Congo rebels seize eastern town after army flees
(AP) KINSHASA, Congo - Rebels have seized a town on volatile eastern Congo after the army fled their advance, a local official said Sunday.
Omar Kavota says the M23 rebels seized the town of Rutshuru Sunday. Kavota says the army looted during their retreat.
"We appeal to the international community to do something to protect the civilians who fled the fighting and are living in fear," he said.
Panicked residents were fleeing Rutshuru on Friday night amid reports that the rebels had advanced within shelling distance, according to a statement from the North Kivu Civil Society. Fears were heightened by the evacuation of U.N. and independent aid agencies, followed in the late afternoon by the retreat of Congolese army soldiers, it said.
An Indian peacekeeper was killed overnight on Thursday as M23 fighters attempted to take the town of Bunagana, said Madnodje Mounoubai, the United Nations spokesman in Congo.
Congo's two-year-long peace was shattered in April when an army unit led by Gen. Bosco Ntaganda defected.

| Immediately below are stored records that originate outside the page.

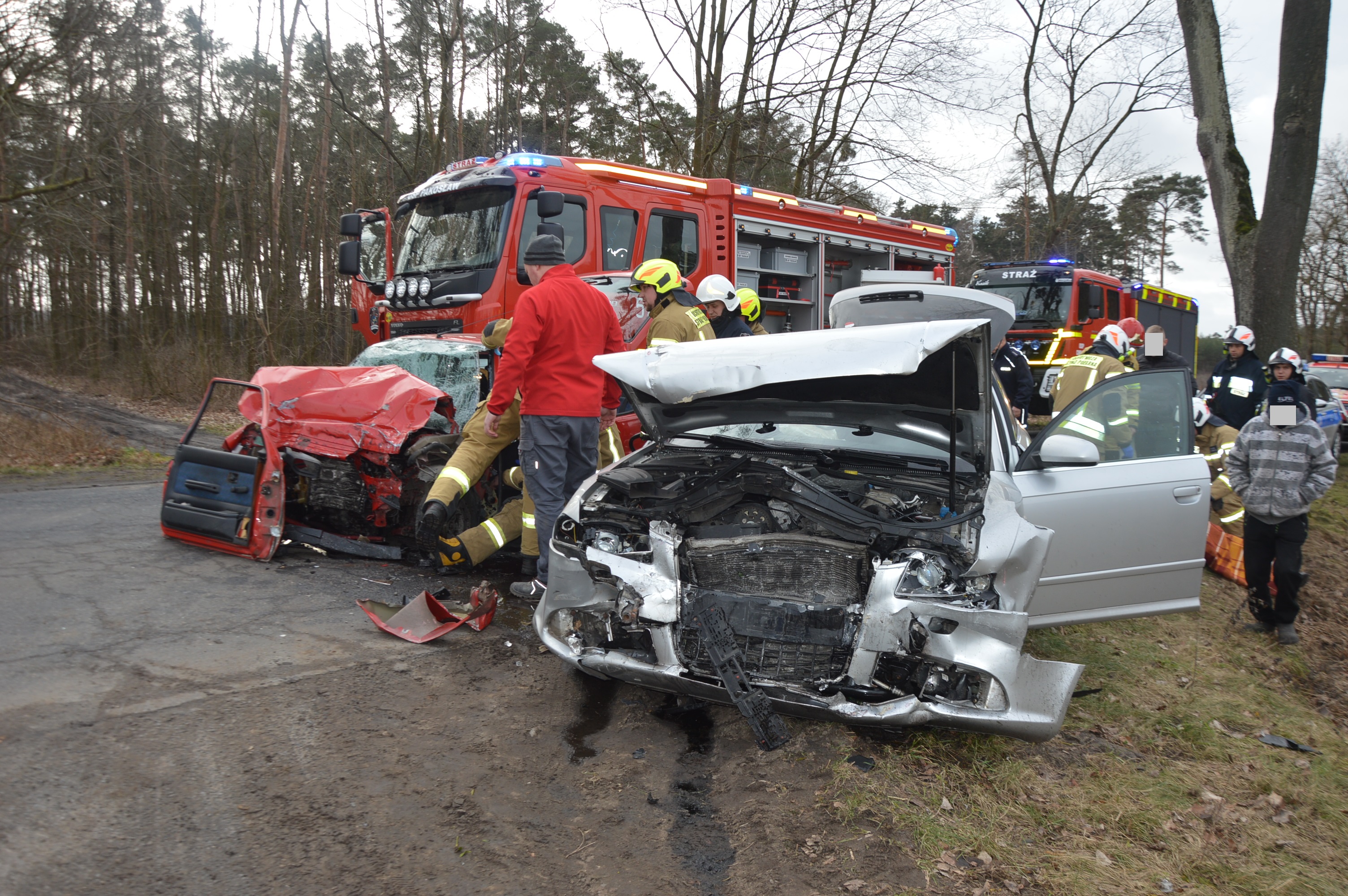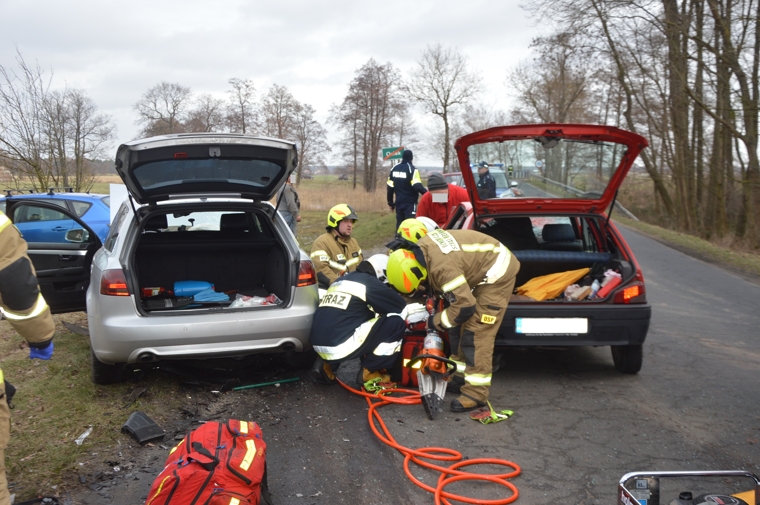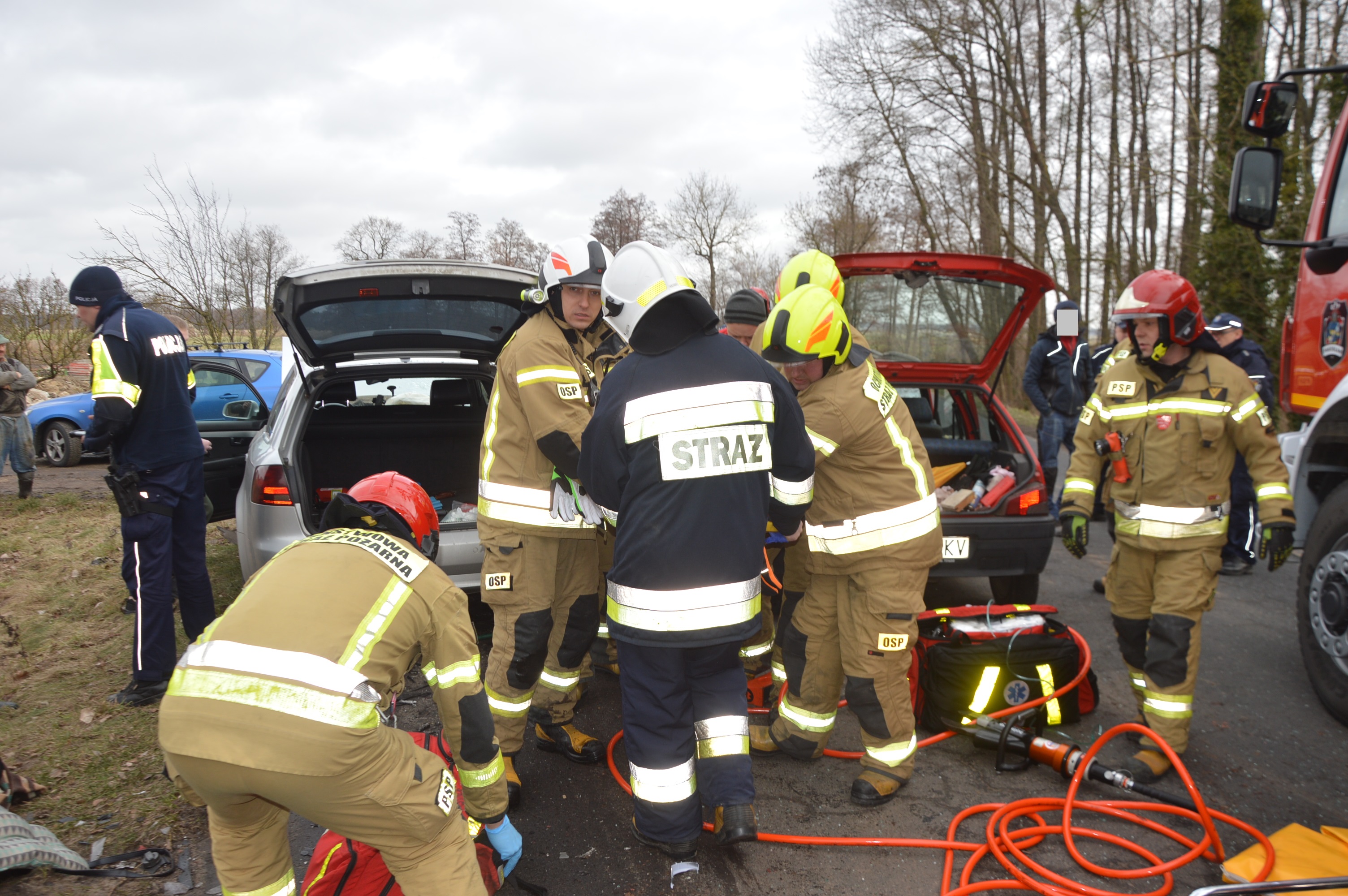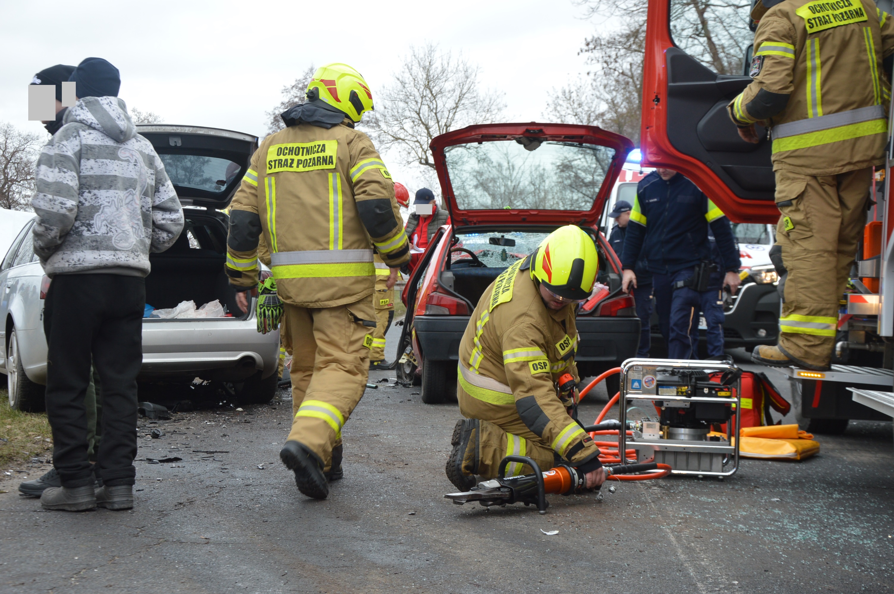 Dwie osoby, w tym kobieta w ciąży zostały poszkodowane w wyniku czołowego zderzenia samochodów osobowych. W celu wykonania dostępu do rannego kierowcy, pozostającego wewnątrz auta konieczne było użycie specjalistycznych narzędzi hydraulicznych.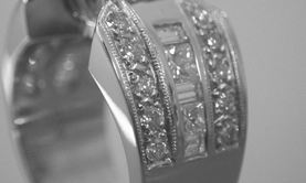 Platinum ring with 2 carat center diamond and accent stones consisting of round, baguette and princess cut diamonds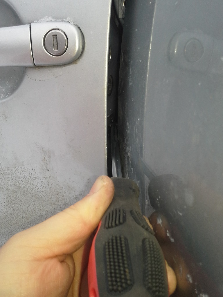 3. Заставам между задната врата и задната седалка при отворено положение, слагам щангата така, че като я бутам има опора на гредата между 2-те врати и избутва шофьорската навън за отваряне, като в същото време дърпам външната ръчка на вратата. Ако са 2-ма човека става по-лесно, но при мен нямаше тази възможност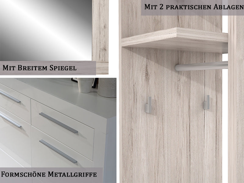 - Garderobenserie bestehend aus: Garderobenschrank, Paneel, Kommode und Spiegel

They fled into the bush, where they regrouped as the M23 rebels, named for the date in March 2009 when the former rebels signed a deal with the Congolese government, a deal brokered as the army was in full retreat and the dissidents threatened to take the eastern provincial capital of Goma. Under the accord, the rebels were integrated into the very army they have now deserted once more.
After controlling mountaintops along Congo's border with Rwanda, the rebels earlier this week made a push and seized the strategic village of Jambo, cutting access to the border crossing of Bunagana into Uganda and Rwanda. Then overnight Thursday, they took Bunagana, according to a spokesman for the rebels as well as a resident of the town who requested anonymity fearing reprisal.

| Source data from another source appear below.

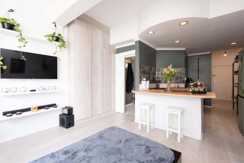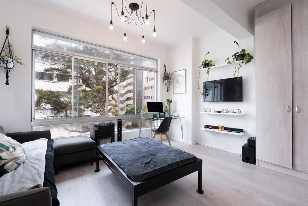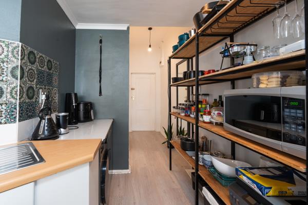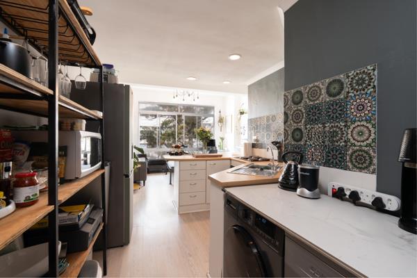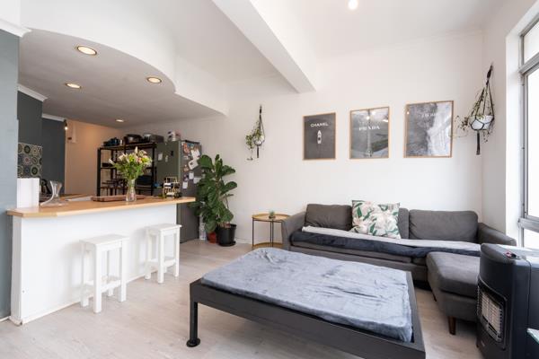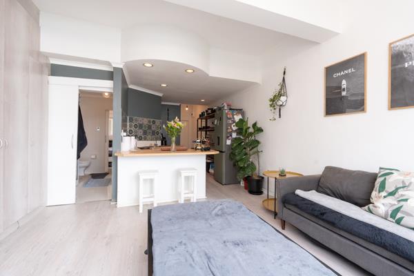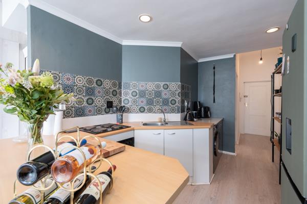 Open plan kitchen with space for a dishwasher and washing machine leading to the lounge area with large windows offering gorgeous Lions Head and Table Mountain views. Bathroom with shower. Bedroom with plenty built-in cupboards.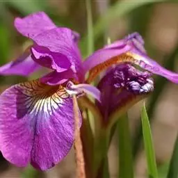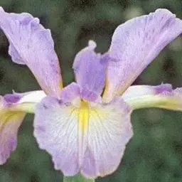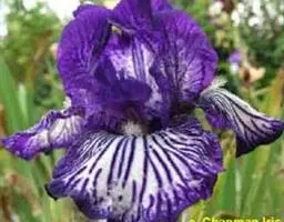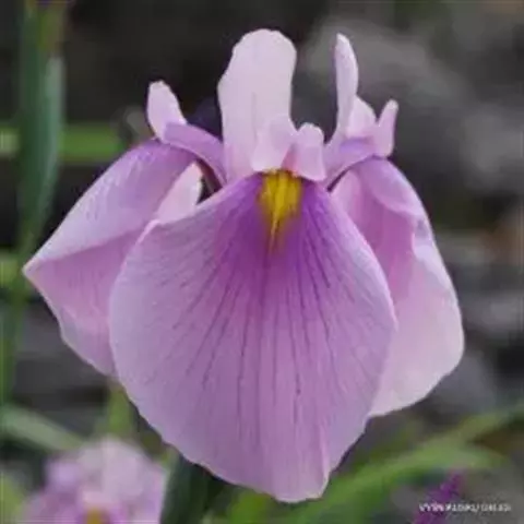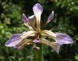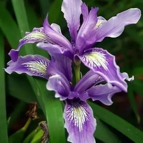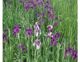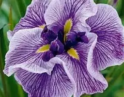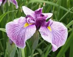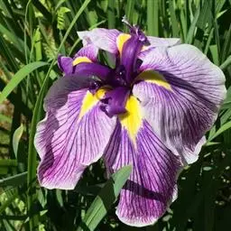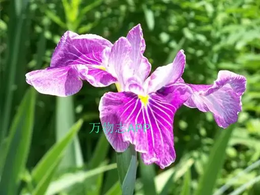 花菖蒲(学名:Iris ensata var. hortensis Makino et Nemoto):是玉蝉花的变种。多年生宿根挺水型水生花卉。根状茎短而粗,须根多并有纤维状枯叶梢,叶基生,线形,叶中脉凸起,两侧脉较平整。花葶直立并伴有退化叶1-3枚。花大直径可达15厘米。外轮三片花瓣呈椭圆形至倒卵形,中部有黄斑和紫纹,立瓣狭倒披针形。花柱分枝三条,花瓣状,顶端二裂。蒴果长圆形,有棱,种皮褐黑色。花期6-7月,果期8-9月。以日本栽培最盛,己育出一百多个品种。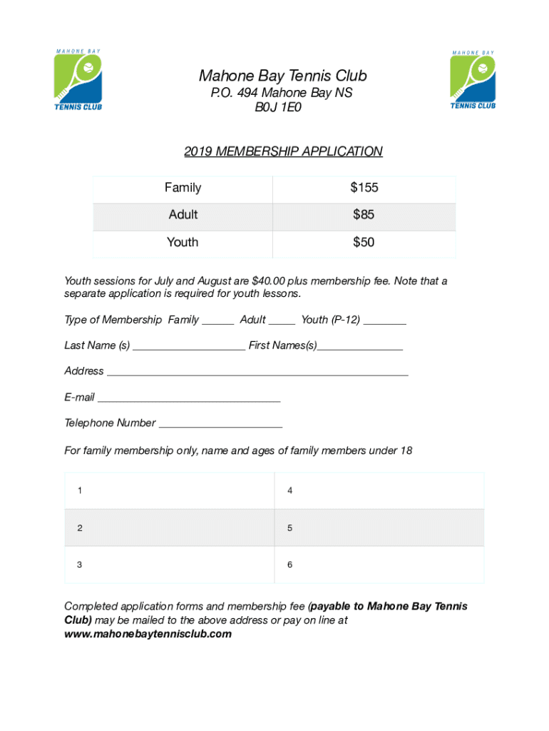 Malone Bay Tennis Club P.O. 494 Malone Bay NS B0J 1E02019 MEMBERSHIP APPLICATION Family$155Adult$85Youth$50Youth sessions for July and August are $40.00 plus membership fee. Note that a separate application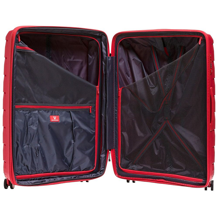 • Чемодан с 2 отделениями: одно из них с фиксирующими ремнями и сетчатой шторкой на молнии, второе — с разделителем на молнии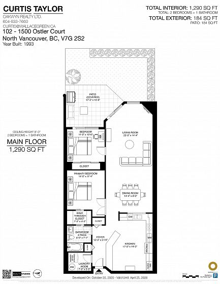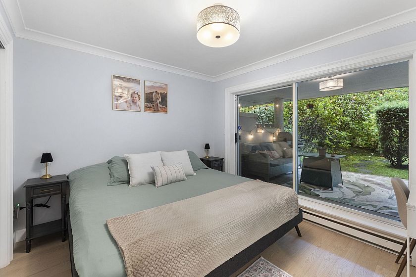 Welcome home to Mountain Terrace, a concrete-framed hidden gem nestled in North Vancouver’s natural surroundings. This ground-level corner suite offers 1,290 sq.ft. of open concept living with an expansive living room and dining area, 2 large bedrooms and 1 bathroom, a house-sized kitchen, engineered hardwood flooring and a cozy gas fireplace. Step outside to your private covered patio and take in lush greenbelt views, ideal for a morning coffee or evening gatherings. A fantastic location for outdoor lovers, with world-class walking and biking trails just steps away. Quiet and secluded, yet minutes from Parkgate Village, Deep Cove, golf courses, schools and more. One pet allowed, two side-by-side parking stalls included. Call today! OPEN November 30 (Sun) 2:00 - 4:00 PM.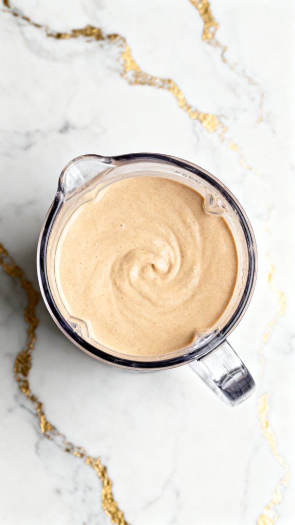 Add 1 ½ cups unsweetened vanilla almond milk, 1 scoop vanilla protein powder, 2 tablespoons Biscoff cookie butter, 1 tablespoon dry sugar-free vanilla pudding mix, 1–2 tablespoons granulated sweetener, and 1 pinch salt to a blender. Blend until completely smooth and creamy, with no visible powder.

A United Nations report says that the rebels are led by Ntaganda, who is wanted by the International Criminal Court, and backed by Rwanda a charge Rwanda denies.
The notoriously ill-equipped Congolese army has been struggling to contain the rebellion. On Friday, the spokesman for the Ugandan army Capt. Peter Mugisa said that around 600 Congolese soldiers had sought refuge in Uganda after an intense battle with the rebels.

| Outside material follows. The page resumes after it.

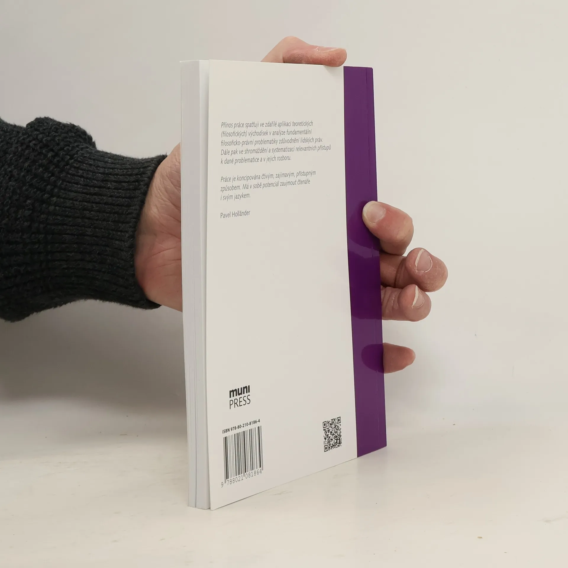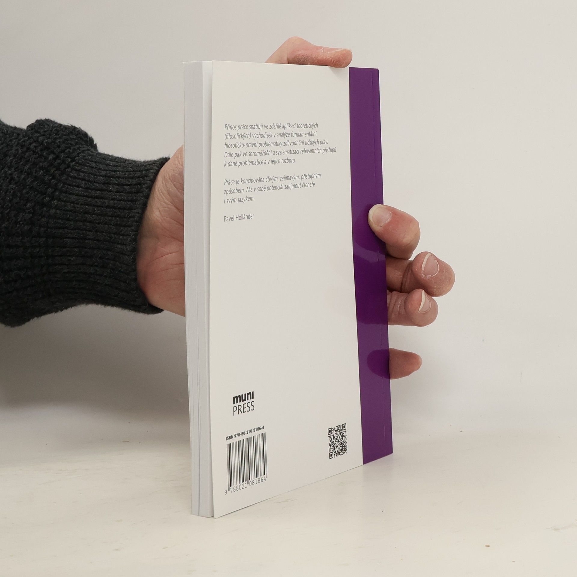 Tato práce se věnuje problematice zdůvodnění lidských práv v postmoderní době. Její klíčovou otázkou je, zda jsou tato práva nevyhnutelně metafyzickým nebo náboženským konceptem, který je v kontextu naší současnosti již obtížně obhajitelný. Autor nejprve rozebírá pojmy lidských práv, jejich legitimity a zdůvodnění. Velký prostor přitom vyčleňuje problému jejich univerzality a vymezení různých metodologických přístupů ke zkoumání jejich ospravedlnění. Následně rozebírá různé způsoby zdůvodnění těchto práv, mimo jiné pojetí Michaela J. Perryho a Alana Gewirtha, které vykazují nejsilnější metafyzické konotace. Práci uzavírá kapitola o postojích Richarda Rortyho coby příklad přístupu, který usiluje o vymanění se z metafyziky.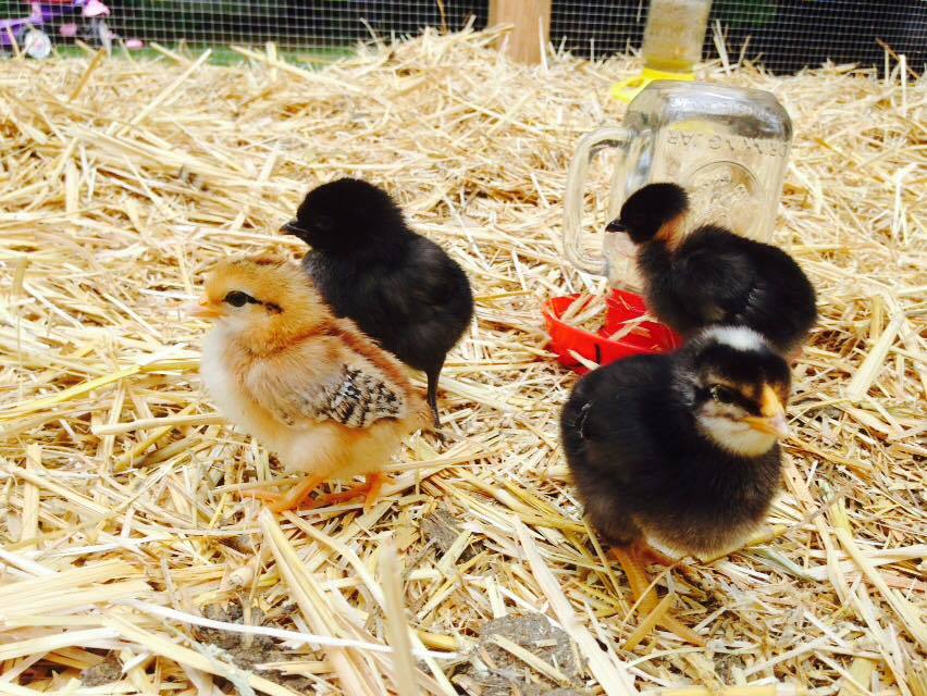 The Sussex is around 2 and a half weeks at the time of the photo, having hatched around the 16th of June. The Orpington mix is a month and a half old, having hatched during the middle of May.

Mugisa were in the custody of the Ugandan military and did not want to go back home yet, fearing they might be massacred by the rebels they were sent to fight.
Analysts fear that the new conflict could once again drag Congo into another cycle of violence. In the country's lawless east, entire wards have been set up to treat rape victims, one of the many atrocities that have become widespread as a result of years of fighting.
The rebellion has caused more than 200,000 people to abandon their homes and flee, some displaced inside Congo others across the borders into Rwanda and Uganda. The U.N. World Food Program is asking for an additional $45 million to feed them.